▶ [About this exercise] Apart from pictures, transcribe exactly each line from the one containing "一季度网络游戏收入483亿元" through the final line of the listing below.

** Opening Exercise input block **

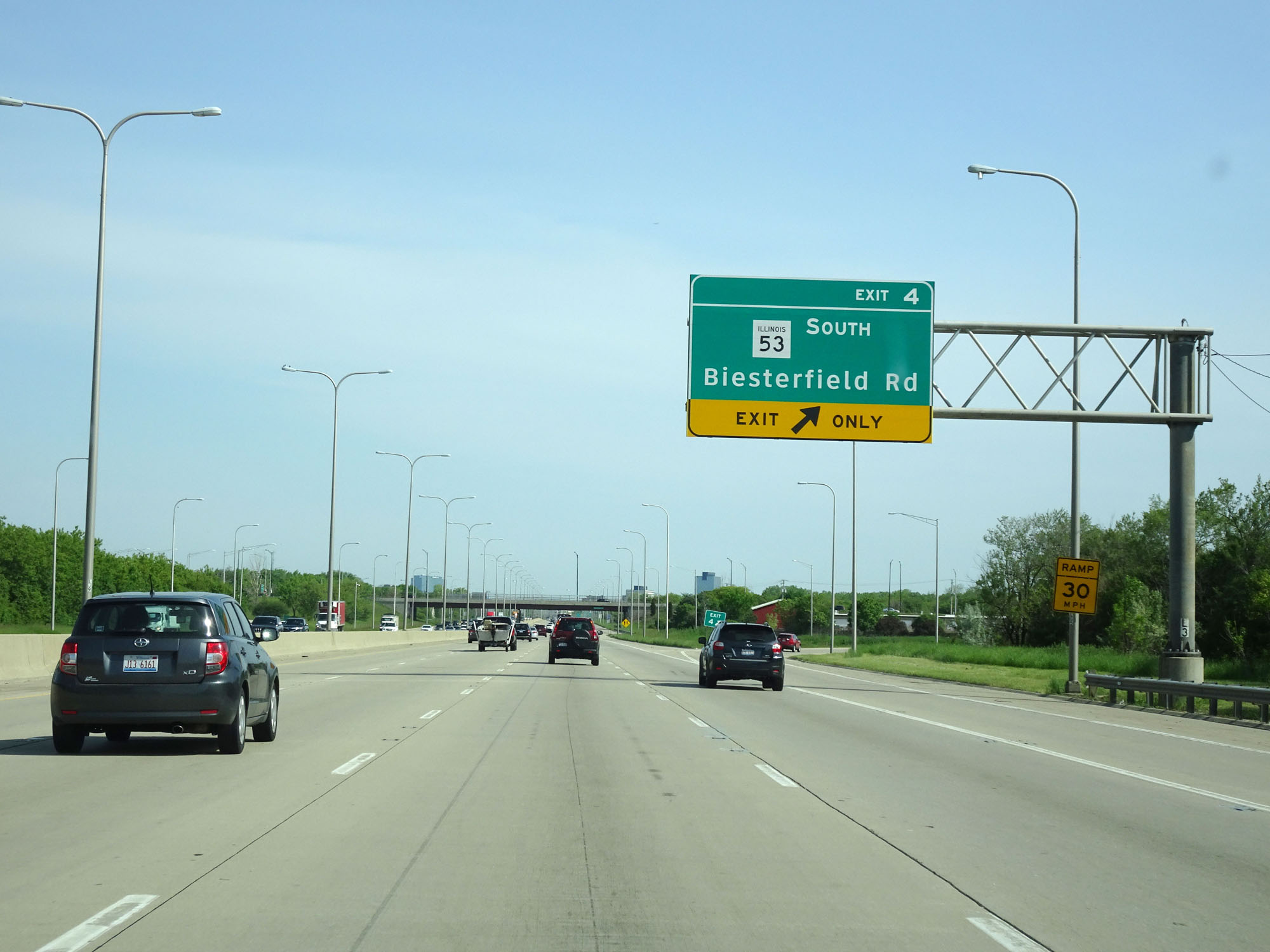 Interstate 290 West at Exit 4: IL 53 South - Biesterfield Rd (Photo taken 5/21/16). |
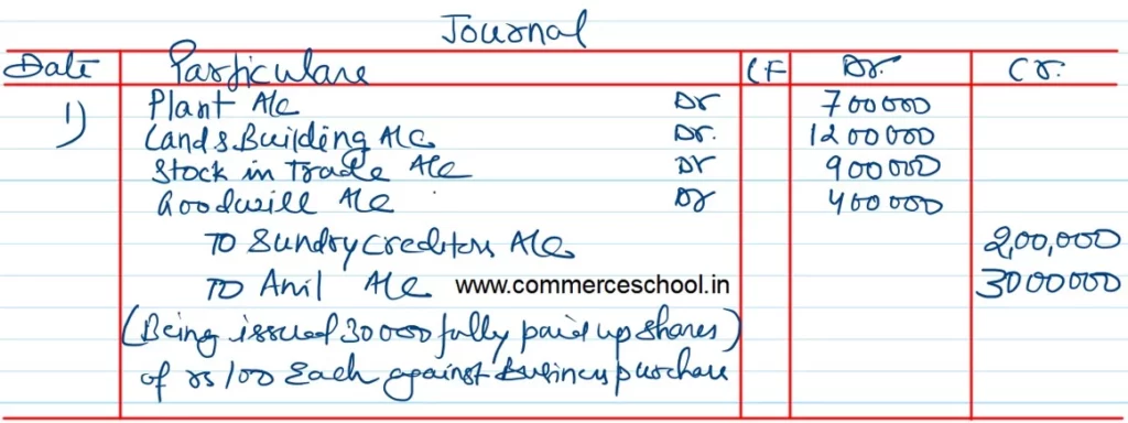 Sunshine Ltd. issued 30,000 fully paid-up shares of ₹ 100 each for purchase of the following assets and liabilities from Anil:
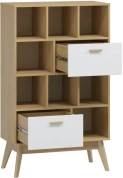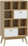 Стеллаж "Калгари", выполненный в скандинавском стиле, решит проблему хранения, позволив определить конкретное место для разных небольших предметов. Внутреннее наполнение модуля состоит из двух выдвижных ящиков и восьми ниш.
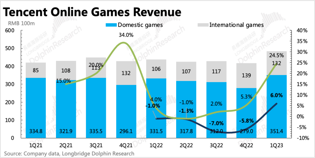 一季度网络游戏收入483亿元,恢复同比增长11%,其中本土游戏市场同比增长6%,海外同比增长25%,海外游戏收入占比27%。无论是本土还是海外,重回加速增长趋势。
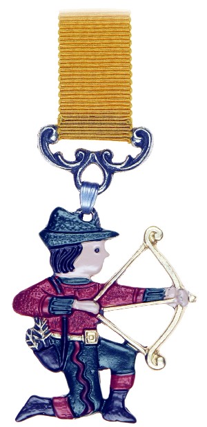 Lesezeichen Schütze, Zinn 93%, Band gelb, L: 33,0 cm

** Closing Exercise input block **

▶ [Solution]
 一季度网络游戏收入483亿元,恢复同比增长11%,其中本土游戏市场同比增长6%,海外同比增长25%,海外游戏收入占比27%。无论是本土还是海外,重回加速增长趋势。
 Lesezeichen Schütze, Zinn 93%, Band gelb, L: 33,0 cm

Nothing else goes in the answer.